= Task description =
Before anything else, drop the pictures; then return exactly the lines from the top of the listing through the line with "Ομπρέλα μονόχρωμη σε".

= Available data =
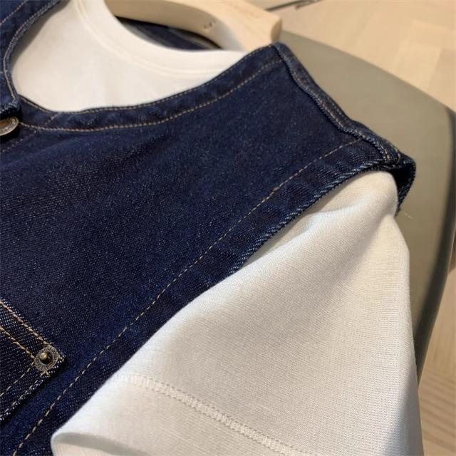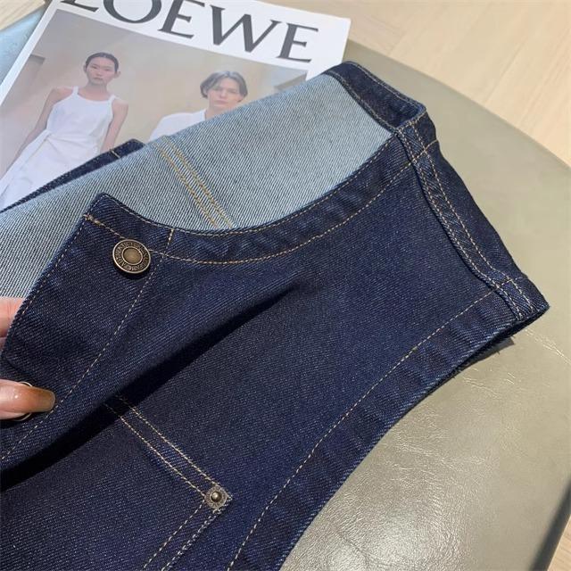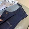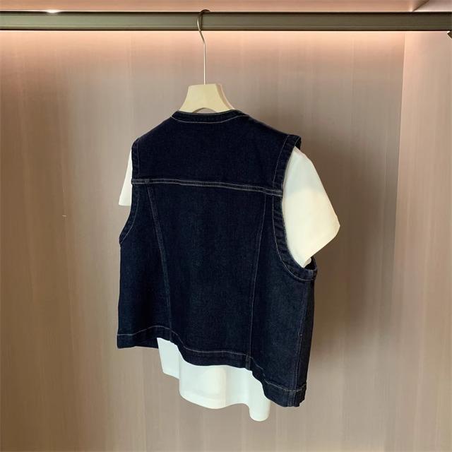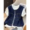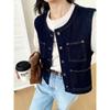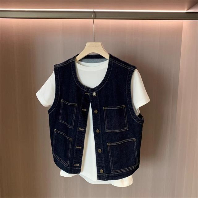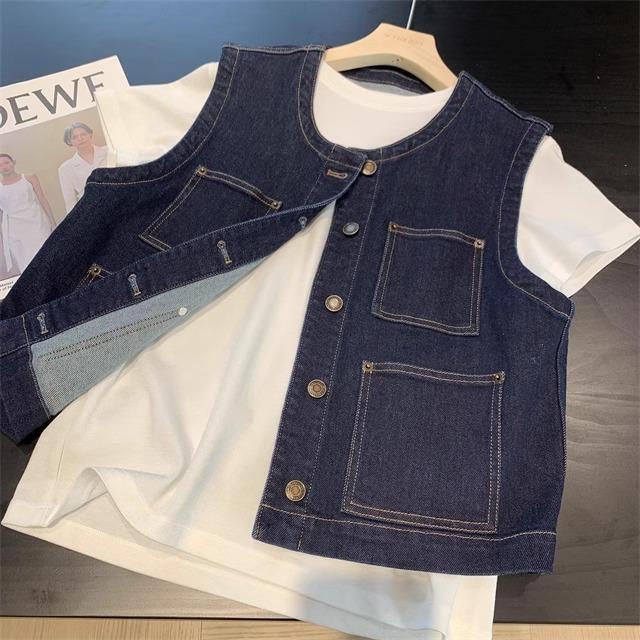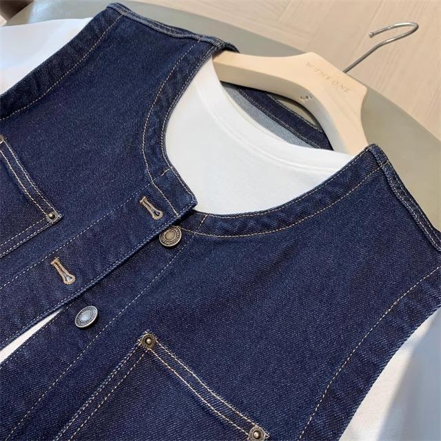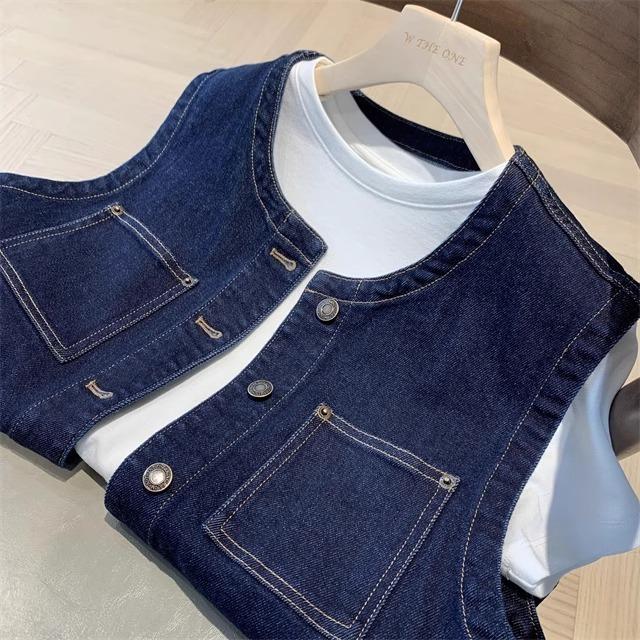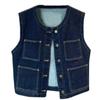 Chaleco de mezclilla corto vintage azul oscuro de cuello redondo para mujer, verano, apilado, combinable con todo, sin mangas, chaleco
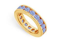 Celebrate your commitment & devotion with this endless circle of gems. Round intense tanzanites are channel-set in a 14K yellow gold. This eternity band has a total gem weight (TGW) of 3.00 carat. Being a December birthstone; it is an ideal gift for any December born.
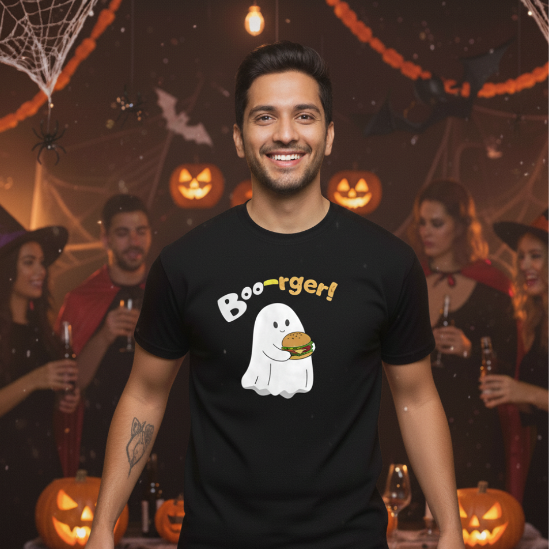 Boo-rger ! Cute Halloween Ghost eating Burger Mens Classic Crew T-Shirt
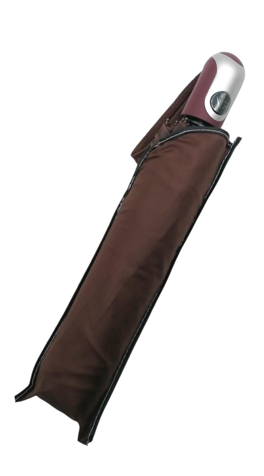 Ομπρέλα μονόχρωμη σε καφέ χρώμα. Είναι ανθεκτική στον αέρα και ανοίγει με αυτόματο μηχανισμό. Διαθέτει θήκη αποθήκευσης.
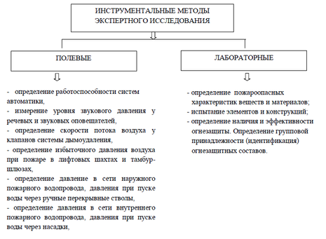 Оценку работоспособности и эффективности систем противопожарной защиты, определение различных пожароопасных характеристик веществ и материалов, исследование огнезащитных покрытий и составов невозможно провести без использования специальных инструментальных методов и технических средств. Классификация данных методов приведена ниже на рисунке 5.1
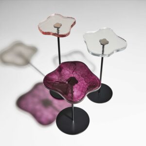 Lily cocktail tables finished in ‘Anthracite’ with ‘Peach’, ‘Clear’, and ‘Amethyst’ Venetian glass tops
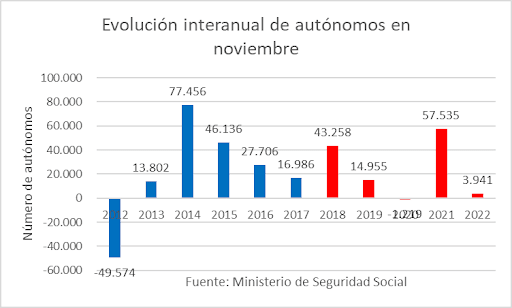 En términos interanuales, es el peor mes de noviembre para los autónomos desde 2012 (con excepción de 2020, con todas las restricciones operativas por la pandemia).
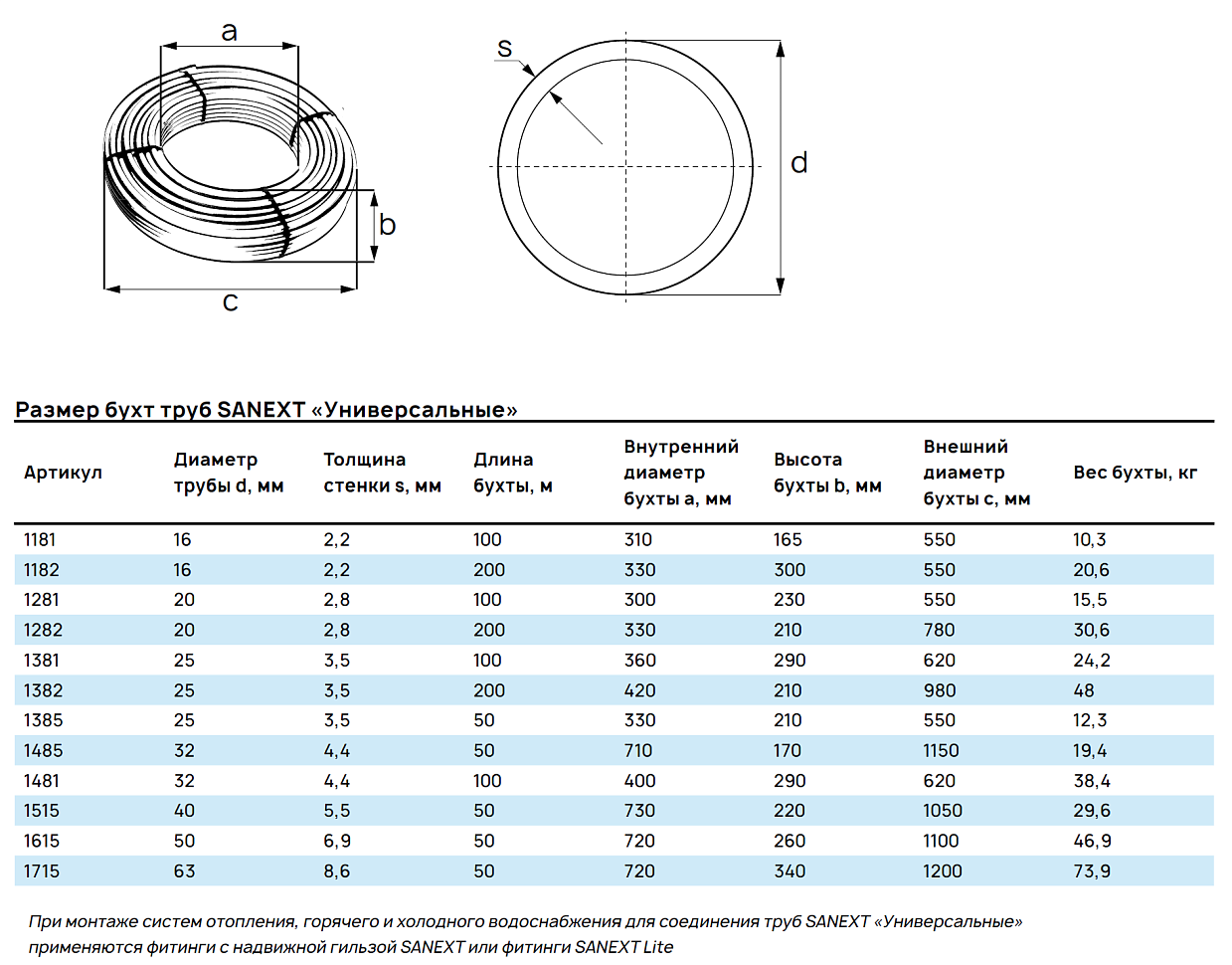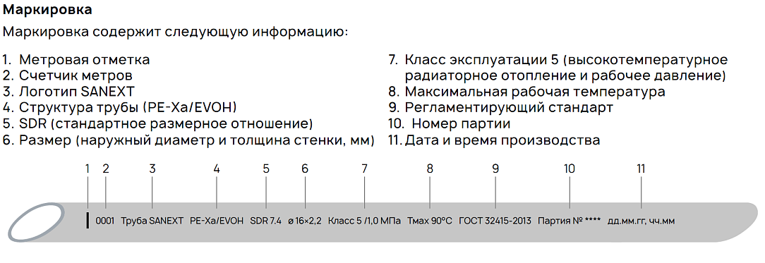 Труба SANEXT «Универсальная» предназначена для использования в системах водяного отопления, а также горячего и холодного (в т. ч. питьевого) водоснабжения. Труба изготавливается из полиэтилена PE-Xa, сшитого пероксидным
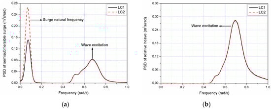 Moreover, in Figure 18, PSD of motion responses (surge, relative heave and pitch) and dynamic responses (horizontal contact force, PTO damping force, mooring line 1 tension and mooring line 2 tension) of the combined structure with considering hydrodynamic coupling have similar trend compared with those without considering hydrodynamic coupling. For surge motion (Figure 18a), the surge resonant motion is dominant at 0.073 rad/s, which is the surge natural frequency, followed by the wave frequency response in the range 0.400 rad/s to 0.800 rad/s. A large decrease of the response at the surge frequency exhibits if the hydrodynamic coupling is considered. Similar as LC1 and LC2 (Figure 16b), the most significant contribution to the relative heave motion comes from the wave frequency (Figure 18b). Considering hydrodynamic coupling will give a small increase in heave motion response near wave frequency, which is similar as in surge motion response. This enhancement of the surge and pitch responses near wave frequency can also be identified with wave period of 10 s in Figure 9a,b. For pitch motion (Figure 18c), the wave frequency response and pitch resonant response are very comparable, meanwhile, surge resonance response also visible in this motion. The pitch response considering hydrodynamic coupling at the surge natural frequency and wave frequency is larger than that without considering hydrodynamic coupling, opposite influence can be identified at pitch natural frequency. Figure 18d,e shows that the wave frequency responses are also dominant in the same range for horizontal contact force and damping force and the hydrodynamic coupling will contribute the increase of the response in the wave frequency range. For mooring line tension force (Figure 18g,h), PSD of mooring line 1 tension with surge resonance frequency occupy a dominant position compared with the value of mooring line 2 tension. Due to the hydrodynamic coupling effect, both responses of mooring line 1 and line 2 reduce at the surge.

= Task result =
 Chaleco de mezclilla corto vintage azul oscuro de cuello redondo para mujer, verano, apilado, combinable con todo, sin mangas, chaleco
 Celebrate your commitment & devotion with this endless circle of gems. Round intense tanzanites are channel-set in a 14K yellow gold. This eternity band has a total gem weight (TGW) of 3.00 carat. Being a December birthstone; it is an ideal gift for any December born.
 Boo-rger ! Cute Halloween Ghost eating Burger Mens Classic Crew T-Shirt
 Ομπρέλα μονόχρωμη σε καφέ χρώμα. Είναι ανθεκτική στον αέρα και ανοίγει με αυτόματο μηχανισμό. Διαθέτει θήκη αποθήκευσης.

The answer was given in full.